Executive Suite (Robert Wise, 1954)

 

Kicking off with the sudden death of a furniture company President, Robert Wise’s Executive Suite then follows the machinations to secure a majority of the seven board votes that will decide his successor. Five of the seven voters have a declared or potential interest in the position, with the main dynamic pitting an overriding focus on maintaining the bottom line against a more organic, forward-looking approach based on innovation and investment. No doubt a remake would feel compelled to focus on a more glamorous sector than the furniture industry (but then, Wise’s film derives from the heart of the materialist Eisenhower-era boom); such a remake would surely spend more time too on environmental sustainability, which no one thought they needed to worry about back in those fortunate days (for an interesting modern-day reference point, Danone kicked out its CEO in 2021 for allegedly focusing too much on an “activist agenda” versus the bottom line). Some aspects of the film remain interesting from a technical perspective: the one unscrupulous director (Louis Calhern) who sold the stock short to capitalize on an expected decline, and sees it going against him; the machinations of the vote itself.
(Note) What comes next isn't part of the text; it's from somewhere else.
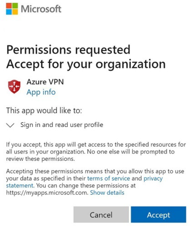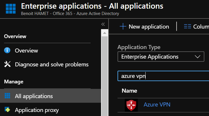 By granting the admin consent you will get a new Azure AD application called Azure VPN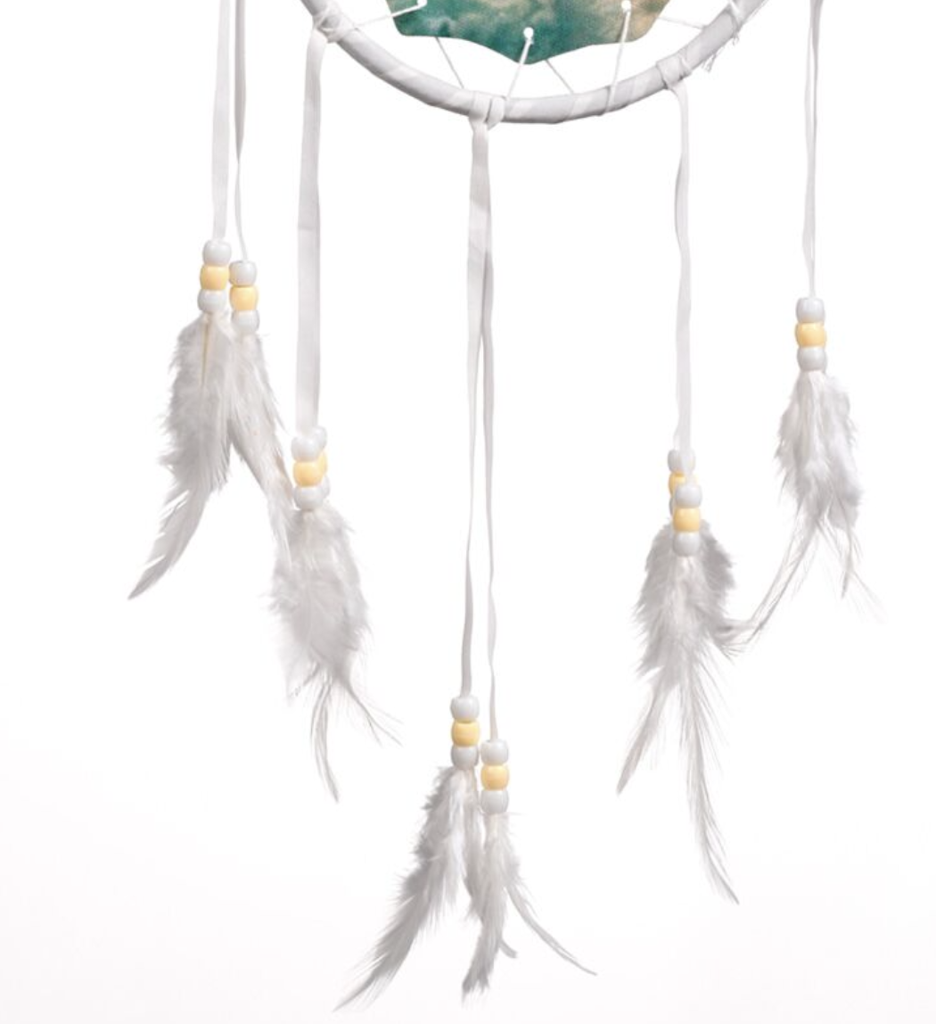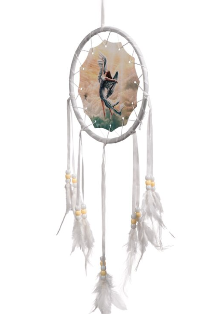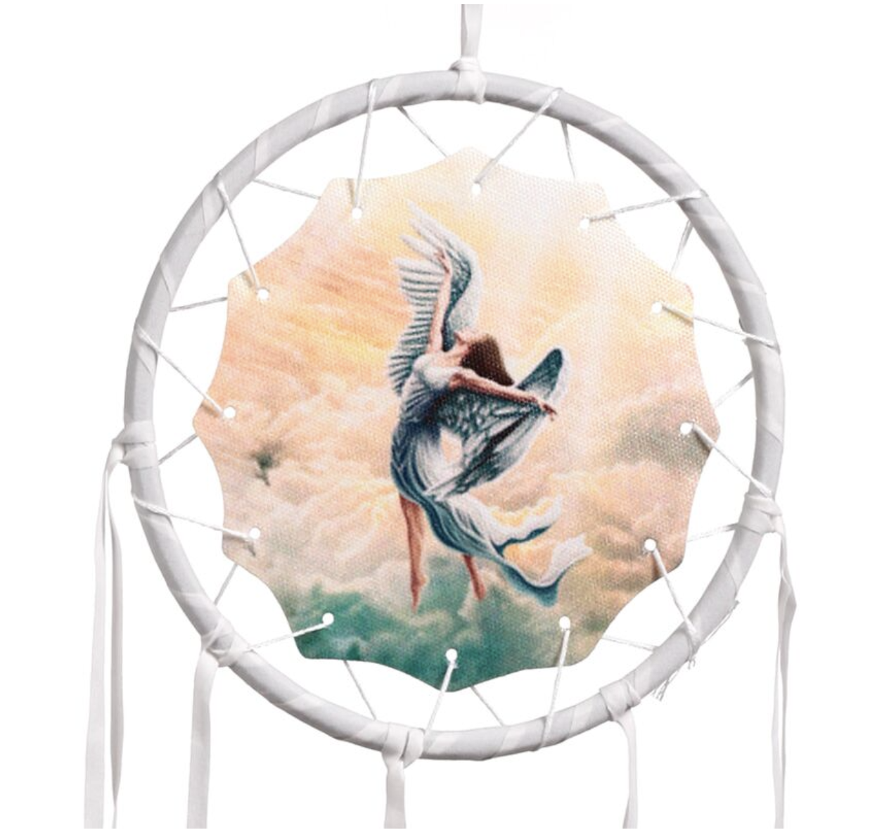 Lapač snů s obrázkem anděla na nebi. Design lapače je navržen uznávanou umělkyní Natashou Faulkner.

But it’s disappointing that in the end it comes down to typical movie speechifying by the youngest and most visionary of the group (William Holden), the opposition crumbling with improbable speed, and that other than a clunky initial sequence shot from the perspective of the doomed President, Wise never achieves anything very cinematically interesting. The cast also includes Fredric March as the very epitome of the blinkered numbers man (another character bitingly snipes at his "night school CPA") and Barbara Stanwyck, the only woman on the board, but only as a result of family inheritance rather than business acumen (a gender bias of its time, not yet fully rectified in our own).